During the RDA maDMP Hackathon 2020, a new export template was developed. First, defining the mapping between the core DSW knowledge model and the DCS application profile JSON schema was needed. Some of the information was not covered by then, and thus new questions were added. Also, several of the questions were adjusted or moved; a task facilitated by the DSW migration mechanism making it possible for users to easily upgrade to a newer version without losing all the stored answers. The Jinja2 template for maDMP in JSON is straightforward. It queries the answers using known universally unique identifiers (UUIDs) for the questions, and creates an object according to the predefined JSON schema. Then it plainly pretty-prints the object as a JSON. An export template in DSW may provide several formats. For example, one can export Horizon 2020 DMP documents in the.pdf,.docx,.html,.tex, or.md file formats. DSW also supports RDF export for maDMPs by using DCSO. There is a Jinja2 template for transforming the same object used for JSON to synthesise an RDF file in the Turtle format. It traverses the object (its fields, arrays, nested objects) and outputs the RDF triples according to DCSO. In the first version, the template produced valid RDF but with the use of blank nodes. It turned out that it causes problems with several other tools after being exported from DSW, i.e., lays obstacles in interoperability. The recent version is free of blank nodes by giving every node a unique identifier.

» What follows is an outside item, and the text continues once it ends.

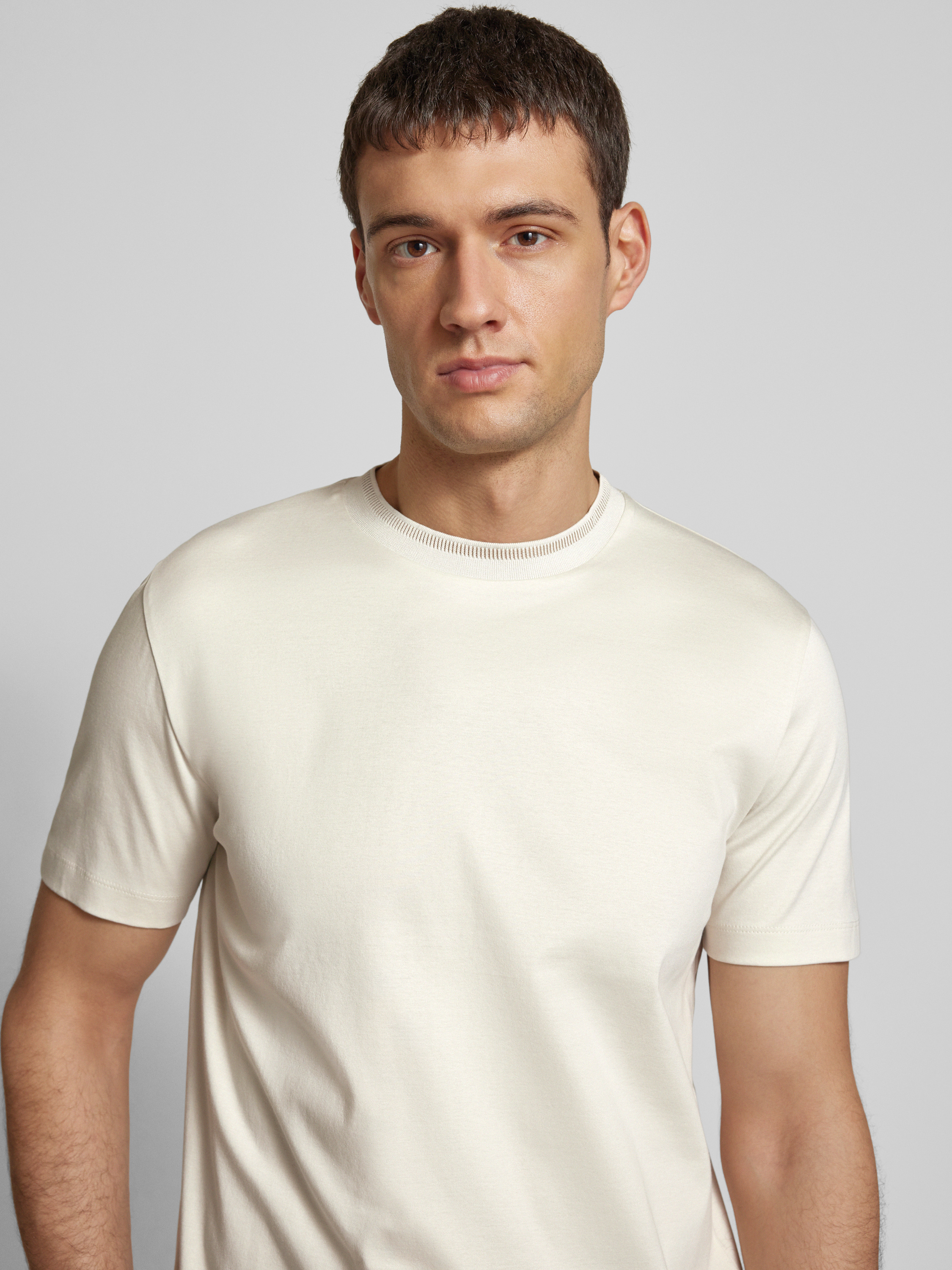 Das Slim Fit T-Shirt Modell 'Tessler' von BOSS aus reiner Baumwolle bietet eine angenehme Passform, die sich ideal für unterschiedliche Anlässe eignet. Der Rundhalsausschnitt und die kurzen Ärmel verleihen ihm einen zeitlosen Look. Man schätzt die hochwertige Verarbeitung, die Komfort und Stil vereint.

The identifiers of nodes in RDF are of two types. First, there are those concretely defined by JSON schema (and DCSO), e.g., dcso:DMPId or dcso:FunderId. It is verified if such a user-entered identifier is a URI directly or after some transformation (for instance, we may add https://doi.org/ before a Digital Object Identifier (DOI)). In the case of a valid URI, it is used as an identifier for the corresponding node. Then, if it is not a valid URI or the entity does not have an ID defined by DCSO, it still needs a URI. It is synthesised using related URI and question/reply Universally Unique Identifier (UUID), e.g., the URI of the DMP, the URI of the questionnaire and the UUID of dataset reply item. It is also important to point out the integrations in DSW. A user can, for example, select a funder using integration with CrossRefFootnote 16, similarly a license from WikidataFootnote 17 or affiliation from the Research Organization Registry (ROR)Footnote 18. The URI of an entry is then saved as part of the reply and used in the template corresponding to RDF triples, following the linked data principles.

Finally, Turtle is not the only RDF export format that DSW supports for maDMPs and DCSO. Using rdflibFootnote 19 for automatic transformations allows for export in different formats such as RDF/XML, TRiG, N3, or JSON-LD. The export template is developed as open-sourceFootnote 20, and anyone can easily contribute to or use it. This approach allows both simple versioning of the template (e.g., when a new version of DCSO is released) and adopting various future extensions to DCSO in independent branches.

Discussion

The creation of a semantic-based serialisation of the DCS application profile had been identified as a research opportunity by the DCS working group, however it was only after the RDA Hackathon on Machine-Actionable Data Management Plans (see “First stable version” section) that a group of researchers with the adequate expertise to tackle this opportunity was assembled. Having a semantic-based serialisation had the overall goal of facilitating information exchange between different services involved in data management as it becomes independent of their technical implementation. One of the other factors motivating the selection of ontologies was their extensibility, as concepts can be matched or relations established between ontologies covering distinct domains. This is manifested in the DCSO, which makes use of existing domain ontologies such as the World Wide Web Consortium (W3C) DCAT Specification, Dublin Core Metadata Initiative (DCMI) Metadata Terms, and Friend of a Friend (FOAF) to further standardise its content, and thus increase its FAIRness. Additionally, its use of controlled vocabularies (for languages, countries and currencies) further aids in the standardisation of the represented content. All of these factors contribute for the DMP content to be more easily linked to other graphs such as Persistent Identifier (PID) graphs or Research Object graphs. Ontologies also enable reasoning, and, as a consequence, knowledge inference from information explicitly represented [10], which are characteristics that could be explored in the future.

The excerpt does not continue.